Departmental Quality
By using productivity impact, the prestige and approximate quality of the journals in which articles appeared were taken into account in our analysis. Journal impact factors have been criticized as not accurately measuring the quality of any single article (11). It is true that a case report in a given journal may not have the same importance as a report of a milestone clinical trial in the same journal. However, journal impact factors have been found to agree with clinician beliefs about high-quality journals (12). The impact factor of the source journal is also the single most important factor in predicting the number of citations that a given article will subsequently receive (13).
As was the case with the departmental volume model, NIH funding and residency program size were found to be significant positive indicators of productivity. An additional variable, highly funded by NIH, was also significant. This suggests a critical mass effect: High levels of departmental funding may produce an extra boost in research quality but not quantity. As with the departmental volume model, faculty characteristics, number of fellows, geographic region, and salary were not significant.
Individual Faculty Volume
Strong similarities existed between the departmental and individual faculty volume models. Annual per-faculty NIH funding was the funding variable that proved most significant for individual faculty volume. The associated funding per citation of $180 602 differed from the departmental estimate of $155 357 by only 14%. As in the departmental model, having large residency programs contributed positively to output in the individual faculty volume model. Interestingly, however, this was the only model in which fellows had a significant role.
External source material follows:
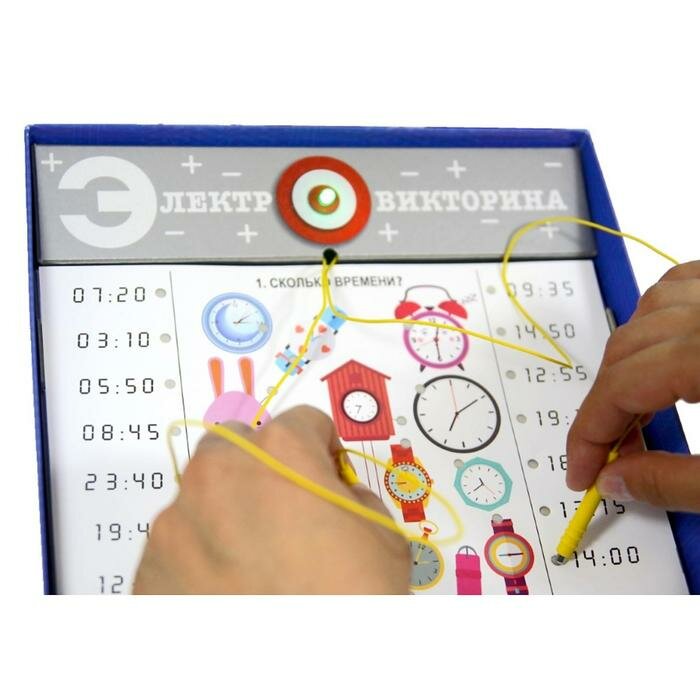 | Минусы: | Исполнение игры. Задумка хорошая, вот только многие отверстия в карточках не совпадают с нужными контактами, причем расстояние отверстия от нужного контакта может достигать 2 см. Так что если лампочка не горит, найдите нужный контакт и проделайте дырочку в карточке над ним. Кроме того набор карточек очень странный -например время на часах, притом что игра рассчитана на детей от 4 лет. Не думаю, что в 4 года ребенок знает время, а если ребенок очень развит, зачем нужна карточка с определением цвета (черный, белый и т.д.) Это для детей 2 лет. Да и дорого за такой комплект. |

Individual Faculty Quality
The factors associated with individual faculty quality were basically the same as those associated with departmental quality: per-faculty NIH funding, number of resident positions per program, and highly funded by NIH status. There was good agreement between the coefficients of the departmental and individual faculty quality models. One publication impact unit was associated with $90 984 in NIH funding. None of the faculty, fellow, regional, or salary variables were found to be significant.
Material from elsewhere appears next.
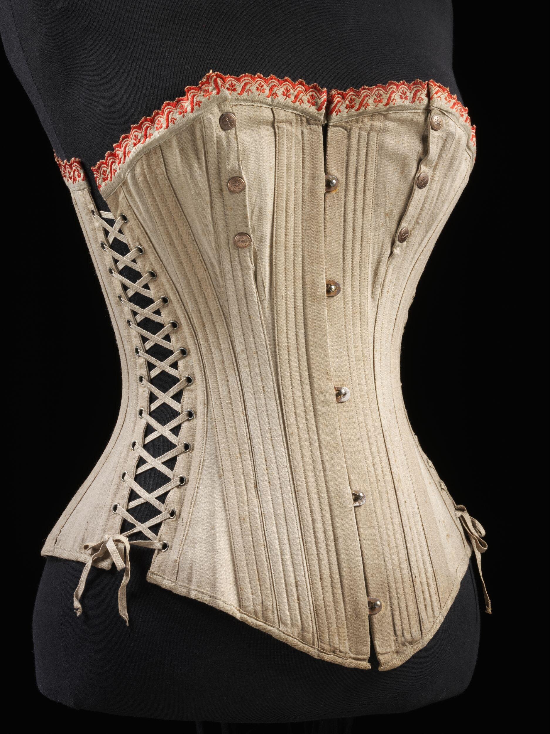 讓我們繼續參觀,眼前這件布料少少的女性束身內衣,竟然也是博物館的收藏品!您注意到了嗎?這件上緣有著紅色蕾絲的內衣,除了正面有一直排的扣子之外,兩邊胸部還各縫有三顆扣子。原來,這並不是普通的束身內衣,而是100多年前英國或德國專為孕婦設計的束身內衣,而胸部前那三顆扣子和腰部側邊的綁帶,正是為了讓孕婦即使胸部和肚子變大了,也能夠繼續穿著束身內衣來維持苗條身材的設計。看來不管是哪個年代的女性,都有著想當個美美辣媽的夢想啊!

Comparisons between Models
Certain variables had a strong association with all measures of research productivity on both the departmental and individual scales. NIH funding was a highly significant variable in all four analyses. It is unsurprising that funding level has an impact on productivity because funded faculty members are typically academic veterans with a proved track record of success. Having financial independence allows a great deal of organizational freedom and flexibility that nonfunded faculty members do not enjoy. Furthermore, it is possible that the funding effect may compoundthat is, that funding results in publications that in turn result in more funding.
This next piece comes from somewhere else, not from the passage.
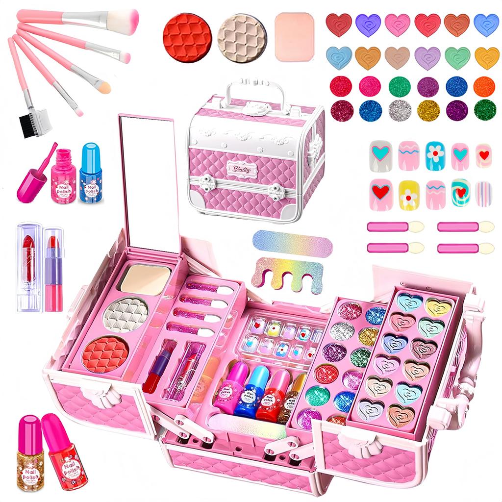 [Schminkset, das Mädchen-Träume wahr werden lässt] Dieses entzückende Schminkset-Spielzeug enthält Lidschatten, Lipgloss, Glitzerpuder, Nagellack, Lippenstift, Nagellack, Fingerlinge, Nagelsticker, Puderschwamm, Rouge, Make-up-Pinsel, Lidschattenpinsel und eine Schminktasche! Mädchen ab 3 Jahren können sich mit diesem Artikel wie Prinzessinnen fühlen.. Perfekt für Rollenspiele zu Hause, mit Freunden, im Kindergarten oder in der Kindertagesstätte!

Large resident program sizes also had a significant and positive effect on research output. It may be that residents provide a pool of willing and skilled labor that can be utilized by faculty researchers. Furthermore, the 4-year length of the diagnostic residency program provides sufficient time for residents to become invested in research projects. Interestingly, resident research mentoring and required research rotations were not significant predictors of research output. One hypothesis that may account for this finding is that programs with strong resident research support also tend to have more NIH funding and that the funding rather than the resident research is the more powerful predictor of research output. The role of residents was in contrast to the role of fellows, who were found to positively affect only individual research volume and only in smaller departments. The short length of fellowship programs and the transient nature of fellows may provide an explanation.
None of the faculty variables were found to be statistically significant in any of the models. Faculty size, educational degree, sex, and employment status apparently had no effect on research output; alternatively, the effect of these variables could have been accounted for by another variable such as NIH funding. Results of other studies (14) have shown that faculty characteristicsin particular, demands for high clinical volumehave a deleterious effect on academic productivity. The effect of salaries in both academia and competing private practice was not significant. Evidence exists in the emergency medicine literature (10) that geographic region is a factor in research output, with departments in the western United States tending to be more productive. Our analysis indicated that in radiology, geographic region was not a significant determinant.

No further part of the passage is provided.